The “highly transmissible” Omicron variant of coronavirus ripping through South Africa is putting disproportionately large numbers of children under 5 years old in hospitals, a top South African government medical adviser said Friday.
The alarming development raises the prospect of a new global battle cycle against the virus, given that the new variant has already spread to dozens of countries. The South African scientists also said the new variant was spreading much quicker than any previous wave of the coronavirus.
In a worrying virtual press conference, government adviser Waasila Jassat, speaking about the worst-affected area of Gauteng province (which includes the city of Johannesburg), said: “It’s clear in Gauteng, the week-on-week increase we’re seeing in cases and admissions is higher than we’ve seen it before. We’ve seen quite a sharp increase [in hospital admissions] across all age groups but particularly in the under 5s.”
She added: “The incidence in those under 5 is now second highest, second only to those over 60. The trend that we’re seeing now, that is different to what we’ve seen before, is a particular increase in hospital admissions in children under 5 years.
“We’ve always seen children not being very heavily affected by the COVID epidemic in the past, not having many admissions. In the third wave, we saw more admissions in young children under 5 and in teenagers, 15-19, and now, at the start of this fourth wave, we have seen quite a sharp increase across all age groups, but particularly in the under 5s.”
Jassat produced graphs that clearly showed how children under 5 years old are now being hospitalized at an alarming rate.
She said, for example, that in the city of Tshwane Metro, more than 100 children under the age of 5 were admitted to hospitals with COVID in the first two weeks of the new fourth wave (Nov. 14 to 27). In the first two weeks of the country’s third wave, in May of this year, fewer than 20 children were admitted to hospitals.

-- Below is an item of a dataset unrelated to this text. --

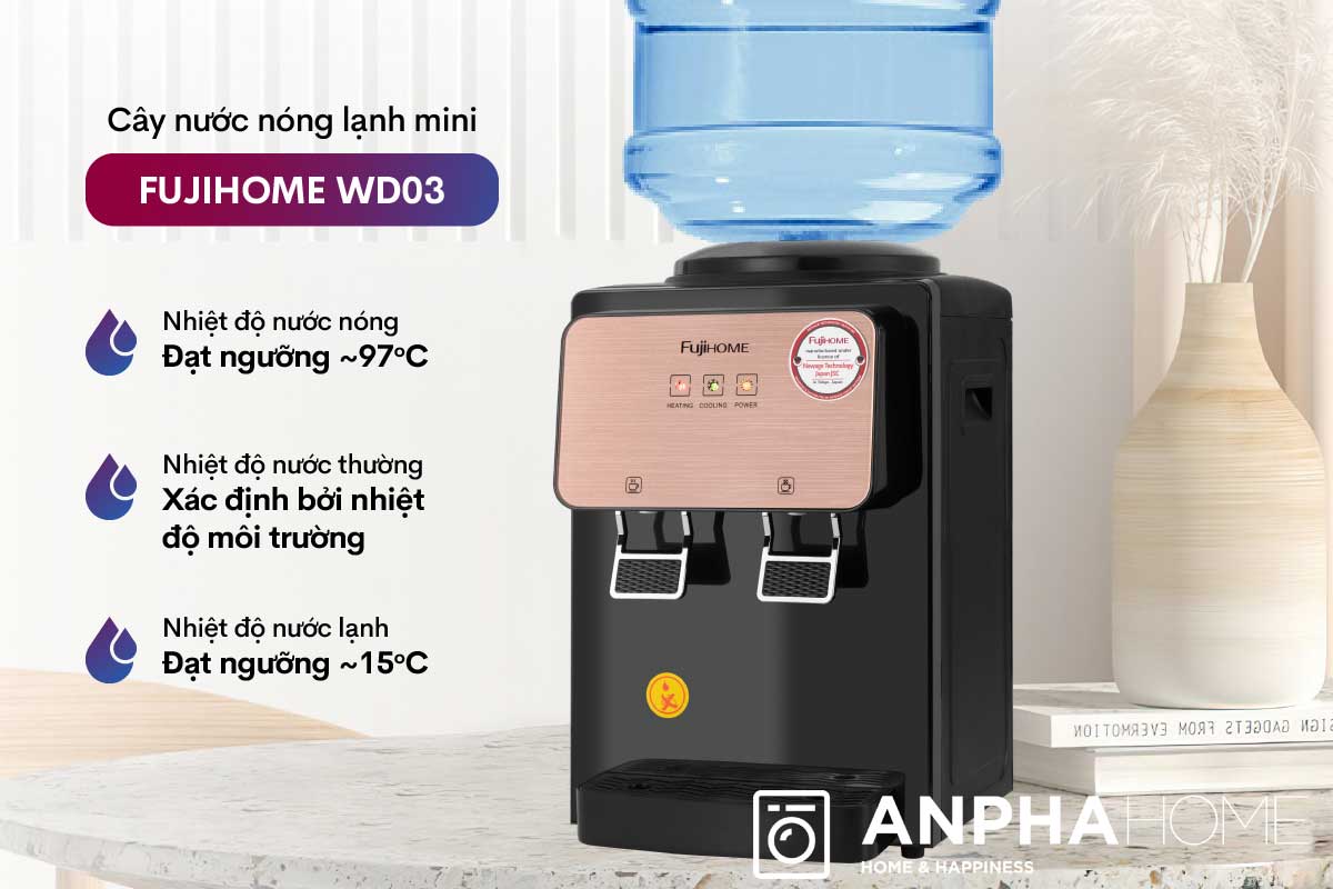 Cây nước nóng lạnh FUJIHOME WD03E để bàn mini là một sản phẩm nổi bật trong dòng thiết bị gia dụng thông minh, được thiết kế nhằm đáp ứng nhu cầu sử dụng nước nóng và lạnh một cách tiện lợi và tiết kiệm không gian. Ra mắt vào năm 2023, WD03E nhanh chóng thu hút sự chú ý nhờ mức giá vô cùng hợp lý nhưng vẫn đảm bảo chất lượng vượt trội đặc trưng của thương hiệu FujiHOME.

In a follow-up question-and-answer session, asked about the extraordinary numbers of children being admitted to hospital, Jassat said she suspected there might be an “immunity gap” and that the lack of vaccination of children might account for the numbers.
She said that with adults increasingly vaccinated, children are the ones who are “getting sick and need to be admitted.”

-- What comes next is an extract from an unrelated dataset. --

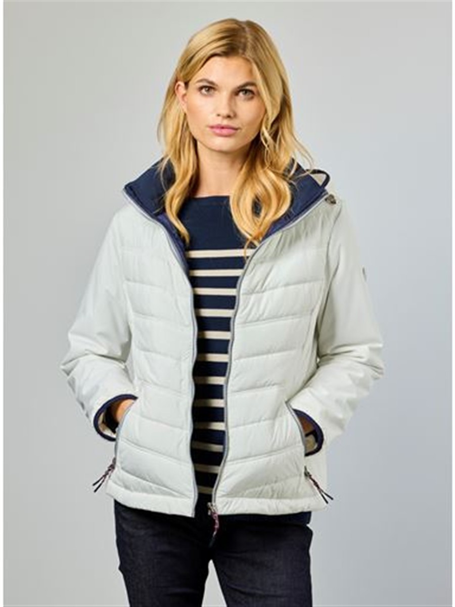 Smart hybrid jakke. Ærmer, hætte, yderkrave og dele af krop i glat polyester. Forstykke og ryg har et quiltet nylonpanel med diagonalsyninger.

She added that pediatricians at the Tshwane hospital had told them, anecdotally, that “all” of the children ages 12-18 who were admitted were not vaccinated, even though they were eligible. “And the younger children, younger than 12, who were not eligible for vaccination, none of their parents, except for three, were vaccinated.”
She said this showed “the value of vaccination in the adult protecting the children in the homes.”
Just over 42 percent of all adults have received at least one vaccination dose in South Africa, Health Minister Joe Phaahla said.
Another specialist, epidemiologist Michelle Groome, told the virtual meeting that daily hospital admissions in the worst-affected parts of Gauteng province have rocketed to 78 from 19.
Groome sounded the alarm over the “rapidly increasing” seven-day average of cases which has gone from 332 on Dec. 1 to 4,814 today.
She said: “If you have a look at the slope of this increase, you can see that we really are seeing an unprecedented increase in the number of new cases in a very short period of time, really just climbing right up.”
She said the virus’ reproductive number—a measure of how many people each infected person infects—had climbed to 2.33 in Gauteng.
Groome said: “This is the highest we’ve ever seen it since the start of the pandemic.”
Phaahla said daily cases have rocketed by 9,000 cases per day, climbing from “2,465 new cases last Thursday when this variant was announced to yesterday’s high of 11,535.”
“This variant is indeed highly transmissible, including in people who have already been vaccinated,” he said.
This remark echoed the findings of a paper published Friday, not yet peer-reviewed, which, The Washington Post reported, claims Omicron is three times as likely to cause reinfection than previous variants. The Post said: “Statistical analysis of some 2.8 million positive coronavirus samples in South Africa, 35,670 of which were suspected to be reinfections, led researchers to conclude that the Omicron mutation has a ‘substantial ability to evade immunity from prior infection.’”
Phaahla attempted to sound an optimistic note by saying that he believes the new variant is more transmissible “but less severe” than previous variants.
He said that while vaccinated people are getting infected, a disproportionate number of those ending up in hospitals are not vaccinated and that the South African hospital system is coping for the time being and has spare capacity.
However, his remarks are likely to be treated with caution as hospitalizations tend to lag infections by several weeks, and the press conference left little doubt that the country is being pummeled by the Omicron variant.
He said the country’s COVID test positivity rate has soared to 22 percent from below 2 percent just two weeks ago.
Phaahla expressed his “outrage and disappointment” at travel bans on southern African nations, saying they “undermine international cooperation and solidarity.”
The UN has previously said such flight bans are a form of “travel apartheid” and could be counterproductive as they will dissuade nations from reporting new variants.